Morgen, Donnerstag, 7.01.2010, wird der Bundesgerichtshof (BGH) in Karlsruhe seine Entscheidung über die Revision gegen das Urteil des Landgerichts Dessau vom 8.12.2008 fällen. Mit diesem Urteil war die justizielle Aufklärung des qualvollen Verbrennungstodes gescheitert, den der aus Sierra Leone stammende Asylsuchende Oury Jalloh am 7.01.2005 in einer Gewahrsamszelle der Polizei in Dessau erlitten hatte. Die beiden angeklagten Polizeibeamten wurden freige­sprochen. Die Todesumstände sind bis heute ungeklärt.

Vor diesem Hintergrund fordern die Internationale Liga für Menschenrechte und die Initiative in Gedenken an Oury Jalloh eine rückhaltlose Aufklärung  dieses Todes im Polizeigewahrsam. Unabhängig vom Ausgang der Revision fordern wir die Einberufung einer unabhängigen internationalen Untersuchungskommission, um den Fall aufzuklären und die Gründe für das Scheitern der justiziellen Aufklärung zu untersuchen – aber auch die Strukturen und Missstände, die immer wieder zu ungeklärten Fällen tödlicher Polizeigewalt gegen Menschen führen, die auch sonst Opfer von Rassismus sind. Wir fordern, dass der Prozess neu aufgerollt wird.

Oury Jalloh, dessen Todestag sich morgen jährt, war – mit Händen und Füßen am Boden der gekachelten Polizeizelle fixiert – bei lebendigem Leibe auf einer feuerfesten Matratze verbrannt. Das internationalAufsehen erregende Straf­verfahren gegen zwei Polizeibeamte vor dem Landgericht Dessau brachte trotz zweijähriger Dauer und 59 Ver­hand­lungstagen keine Klärung der Todesumstände. Das Gericht versagte. Indem es von Anfang an die – von der Liga bereits öffentlich mehrmals beklagte – Entscheidung getroffen hatte, ausschließlich der Selbsttötungsbehauptung der Dessauer Polizei und der Staatsanwaltschaft nachzugehen, verbaute es sich die Option, auch andere in Frage kommenden Todesur­sachen und –umstände zu überprüfen. Indizien, die auf ein Verschuldung Dritter hätten hinweisen können, wurden erst gar nicht geprüft.
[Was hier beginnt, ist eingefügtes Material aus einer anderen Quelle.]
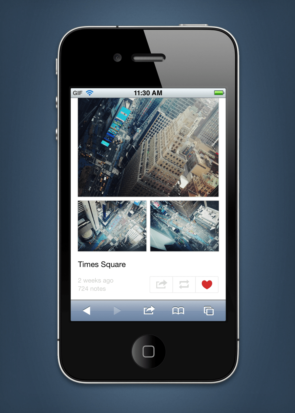 Tumblr today revealed a new and hopefully improved design for its default handling of mobile device blog rendering. It’s a clean layout that brings liking and re-blogging to the main page, as well as sharing via Facebook, Twitter and email. Mobile sites also now support Pages, Tumblr’s more permanent locations for stuff like “About Me” sections that live outside of the main feed, and two darlings of the blogging world and mobile web in general, infinite scrolling and full-width images.
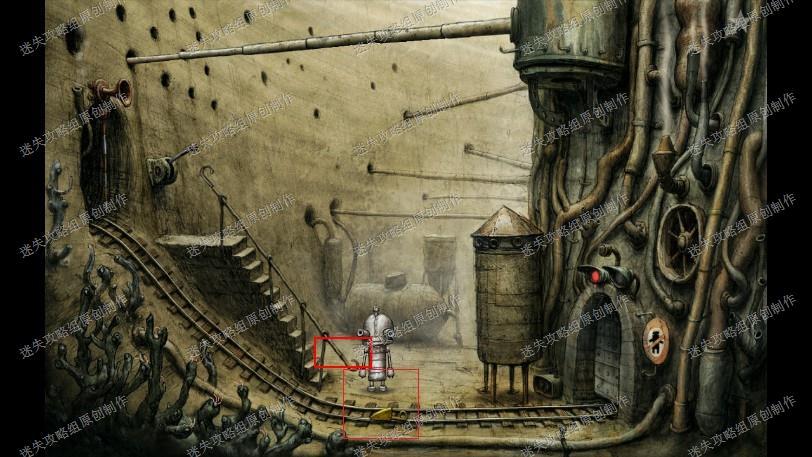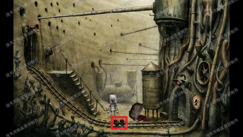 15.下去之后从新到右边开开关,跳上矿车,这时候爪子会把你送到最右边,点击爬进管道过关进入下一关,看准时机跳入管道。

Bei der mündlichen Urteilsverkündung musste der Vorsitzende Richter Manfred Steinhoff eingestehen, dass der Prozess „schlicht und ergreifend gescheitert“ sei. An die Dessauer Polizei gerichtet beklagte er: „Es ist schon erschreckend, in welchem Maße hier schlicht und ergreifend falsch ausgesagt wurde“ und resümierte abschließend: "Wir hatten nicht die Chance auf ein rechtsstaatliches Verfahren, auf die Aufklärung des Sachverhalts". Diese klaren Sätze fehlen jedoch in der schriftlichen Urteilsbegründung und können somit bei der Revision nicht berücksichtigt werden.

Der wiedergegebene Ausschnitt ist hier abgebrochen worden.